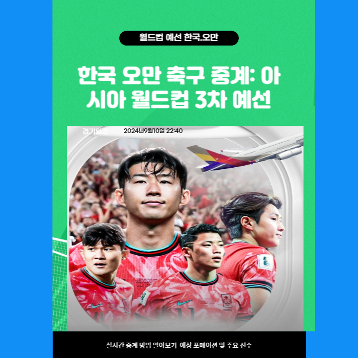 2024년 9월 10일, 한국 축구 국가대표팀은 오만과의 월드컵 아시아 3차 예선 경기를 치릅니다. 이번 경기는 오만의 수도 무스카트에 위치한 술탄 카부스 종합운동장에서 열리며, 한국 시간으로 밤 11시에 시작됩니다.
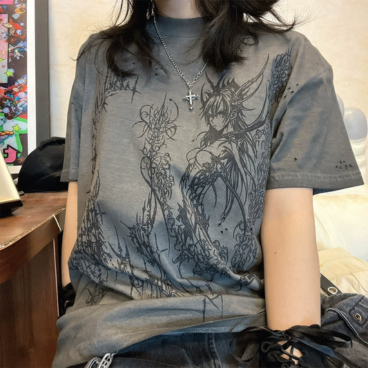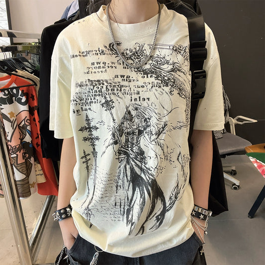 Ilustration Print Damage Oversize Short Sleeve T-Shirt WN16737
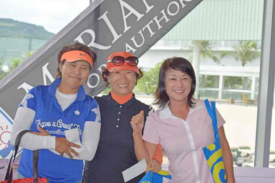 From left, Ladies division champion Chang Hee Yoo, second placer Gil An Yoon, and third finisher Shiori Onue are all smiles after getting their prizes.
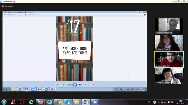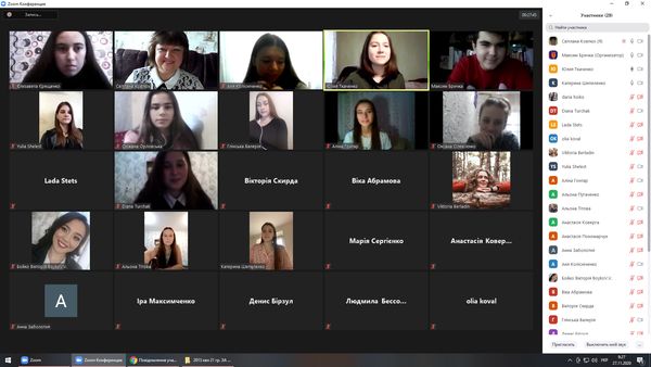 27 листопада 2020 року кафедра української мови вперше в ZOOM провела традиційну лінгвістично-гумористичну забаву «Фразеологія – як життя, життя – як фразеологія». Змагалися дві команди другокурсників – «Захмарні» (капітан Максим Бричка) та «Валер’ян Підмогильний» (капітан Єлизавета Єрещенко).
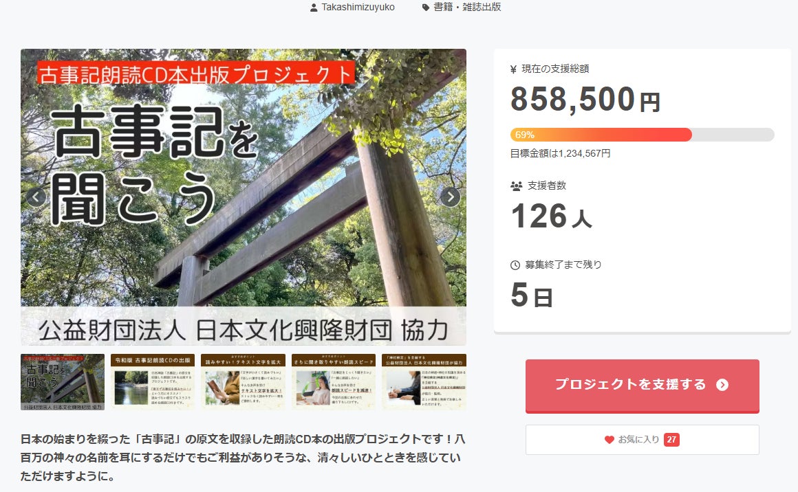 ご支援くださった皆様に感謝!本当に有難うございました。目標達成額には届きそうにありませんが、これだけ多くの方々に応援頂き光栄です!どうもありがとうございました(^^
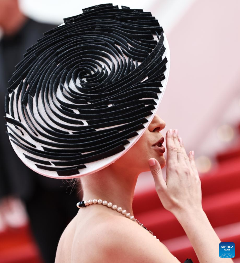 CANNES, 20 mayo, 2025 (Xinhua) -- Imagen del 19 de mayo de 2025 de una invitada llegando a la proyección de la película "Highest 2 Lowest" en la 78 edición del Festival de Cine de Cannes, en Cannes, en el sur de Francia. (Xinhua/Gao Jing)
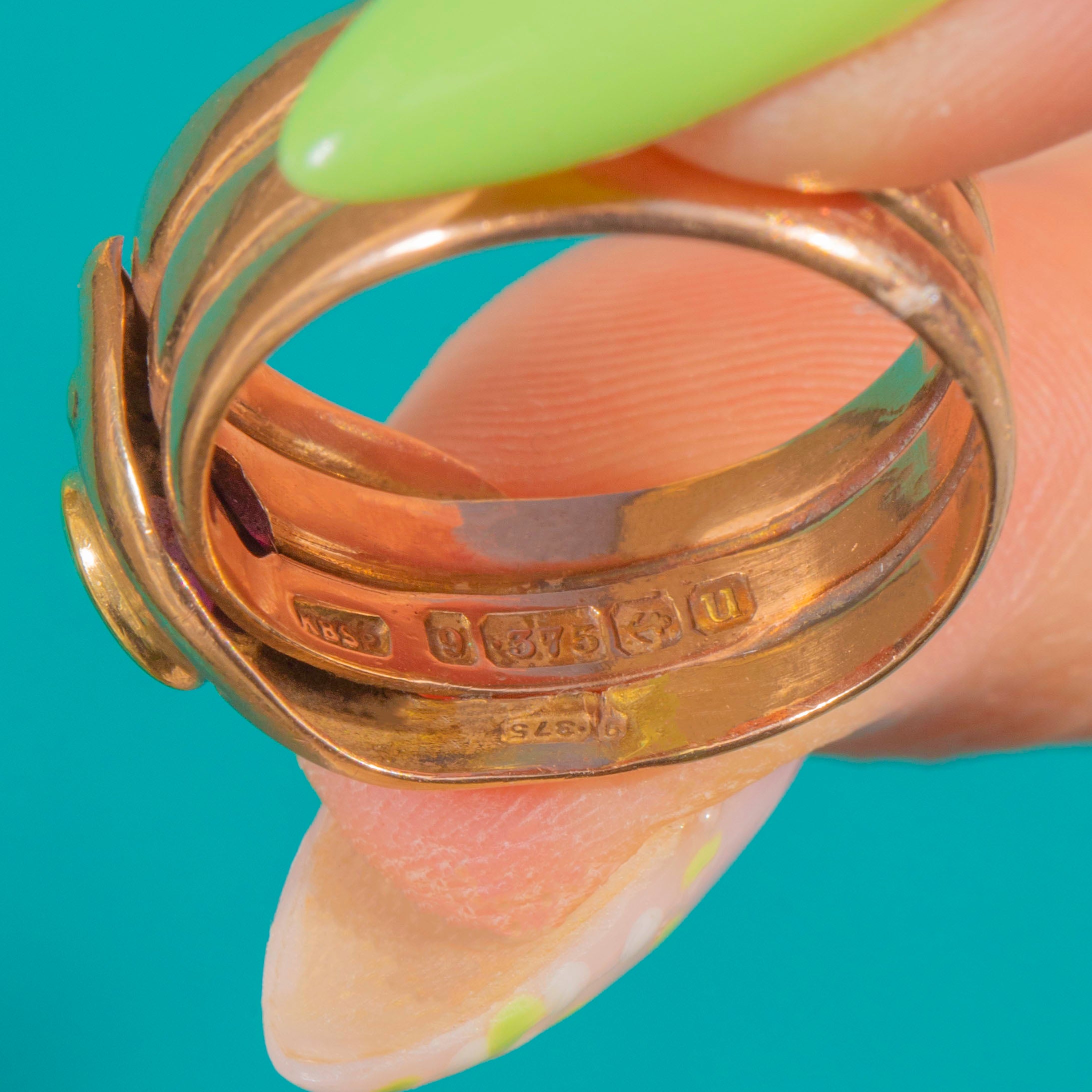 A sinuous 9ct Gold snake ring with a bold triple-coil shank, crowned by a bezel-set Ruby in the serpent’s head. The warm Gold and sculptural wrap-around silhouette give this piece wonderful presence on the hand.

...

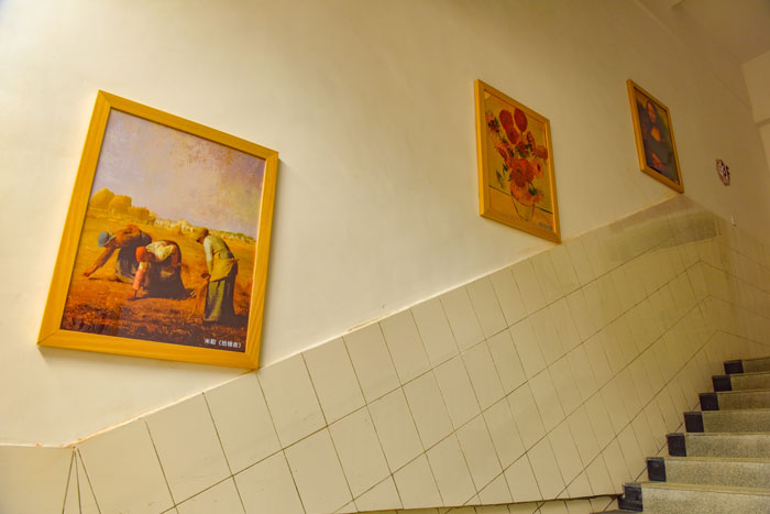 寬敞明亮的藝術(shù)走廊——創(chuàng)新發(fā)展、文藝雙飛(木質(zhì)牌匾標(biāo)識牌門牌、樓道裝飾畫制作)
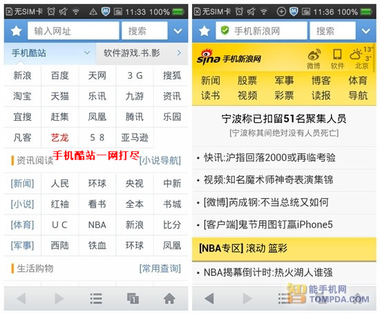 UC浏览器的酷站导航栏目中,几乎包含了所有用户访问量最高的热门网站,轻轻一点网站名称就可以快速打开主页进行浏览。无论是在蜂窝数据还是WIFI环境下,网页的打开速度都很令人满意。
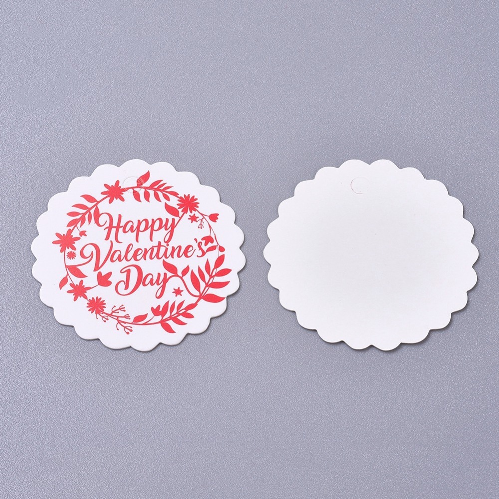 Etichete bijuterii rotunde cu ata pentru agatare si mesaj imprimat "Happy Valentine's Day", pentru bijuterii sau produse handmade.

* * *

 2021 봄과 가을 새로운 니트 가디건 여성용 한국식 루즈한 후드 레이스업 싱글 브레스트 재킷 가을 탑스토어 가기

What the task requires ->
Using the listing above, reproduce word for word every line from the one containing "2024년 9월 10일, 한국" through the one containing "A sinuous 9ct". Pictures must be left out.

Response to this exercise ->
 2024년 9월 10일, 한국 축구 국가대표팀은 오만과의 월드컵 아시아 3차 예선 경기를 치릅니다. 이번 경기는 오만의 수도 무스카트에 위치한 술탄 카부스 종합운동장에서 열리며, 한국 시간으로 밤 11시에 시작됩니다.
 Ilustration Print Damage Oversize Short Sleeve T-Shirt WN16737
 From left, Ladies division champion Chang Hee Yoo, second placer Gil An Yoon, and third finisher Shiori Onue are all smiles after getting their prizes.
 27 листопада 2020 року кафедра української мови вперше в ZOOM провела традиційну лінгвістично-гумористичну забаву «Фразеологія – як життя, життя – як фразеологія». Змагалися дві команди другокурсників – «Захмарні» (капітан Максим Бричка) та «Валер’ян Підмогильний» (капітан Єлизавета Єрещенко).
 ご支援くださった皆様に感謝!本当に有難うございました。目標達成額には届きそうにありませんが、これだけ多くの方々に応援頂き光栄です!どうもありがとうございました(^^
 CANNES, 20 mayo, 2025 (Xinhua) -- Imagen del 19 de mayo de 2025 de una invitada llegando a la proyección de la película "Highest 2 Lowest" en la 78 edición del Festival de Cine de Cannes, en Cannes, en el sur de Francia. (Xinhua/Gao Jing)
 A sinuous 9ct Gold snake ring with a bold triple-coil shank, crowned by a bezel-set Ruby in the serpent’s head. The warm Gold and sculptural wrap-around silhouette give this piece wonderful presence on the hand.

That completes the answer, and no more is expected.